Aleatoric Uncertainty & Hurricane Counts

If your forecast target is a count, like the number of hurricanes in a season, it is a good idea to understand aleatoric uncertainty. For small counts the aleatoric uncertainty is quite large.

You can demonstrate this using the following code. First you create a vector of length equal to 100 years that has the rate varying predictably between 4 and 8. All statistical models for hurricane counts predict this rate.

Then, from the rate for each year you generate a random count based on a Poisson distribution and compute the squared correlation between the count vector and the rate vector. This is the variation in counts explained by the rate. One minus this is the variation in counts unexplained by the rate (aleatoric uncertainty).

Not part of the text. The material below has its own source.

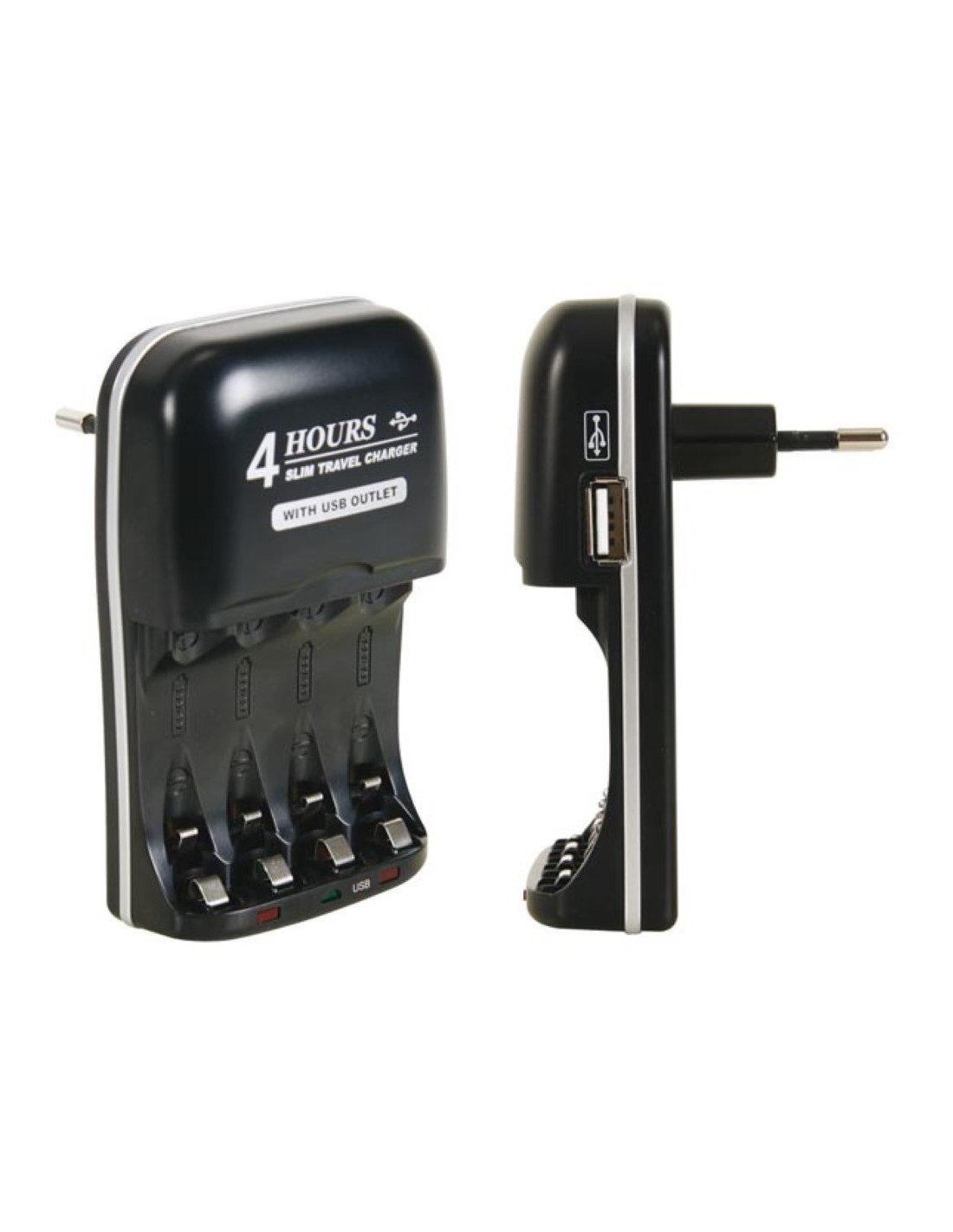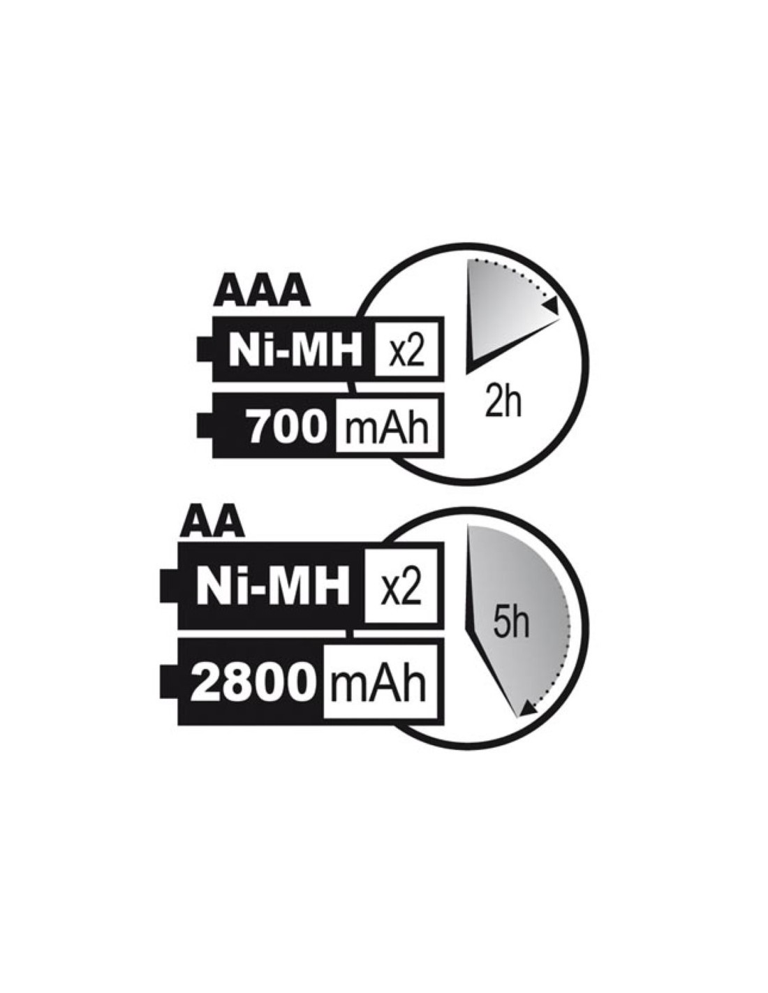 Este cargador rápido combina comodidad y eficacia, cargando sin esfuerzo tanto 2 como 4 pilas NiMH AA o AAA. Con un puerto USB, indicadores LED de estado y funciones de seguridad, es un cargador fiable para usar en casa o fuera de ella.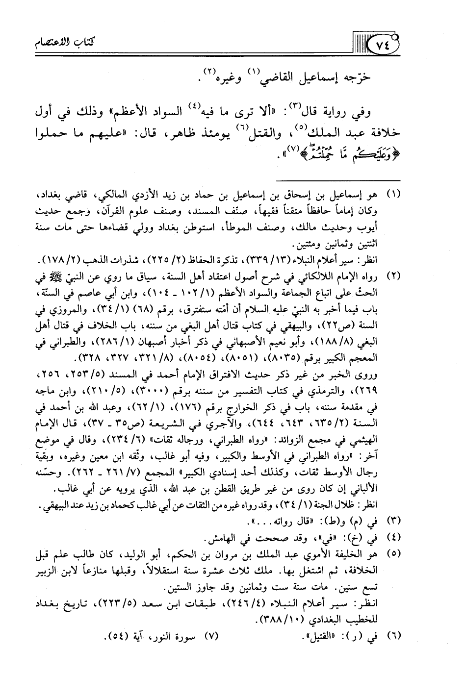 (¬2) رواه الإمام اللالكائي في شرح أصول اعتقاد أهل السنة، سياق ما روي عن النبيّ صلّى الله عليه وسلّم في الحثّ على اتباع الجماعة والسواد الأعظم (1/ 102 ـ 104)، وابن أبي عاصم في السنّة، باب فيما أخبر به النبيّ عليه السلام أن أمّته ستفترق، برقم (68) (1/ 34)، والمروزي في السنة (ص22)، والبيهقي في كتاب قتال أهل البغي من سننه، باب الخلاف في قتال أهل البغي (8/ 188)، وأبو نعيم الأصبهاني في ذكر أخبار أصبهان (1/ 286)، والطبراني في المعجم الكبير برقم (8035)، (8051)، (8054)، (8/ 321، 327، 328).

Repeat 1000 times and generate a histogram.

rate = rep(4:8, 20)
h = numeric()
xx = numeric()
for (j in 1:1000) {
    for (i in 1:100) h[i] = rpois(1, lambda = rate[i])
    xx[j] = 100 - cor(rate, h)^2 * 100
}
hist(xx, xlab = "Aleatoric Uncertainty (%)", main = "")

plot of chunk simulation

The estimated level of irreducible uncertainty in this example is 74.1% with a interquartile range of between 69.7% and 79.2%.

This is not to say that we can't learn anything from a busted forecast, and we should certainly try, it only means that what we do learn will not diminish this type of uncertainty.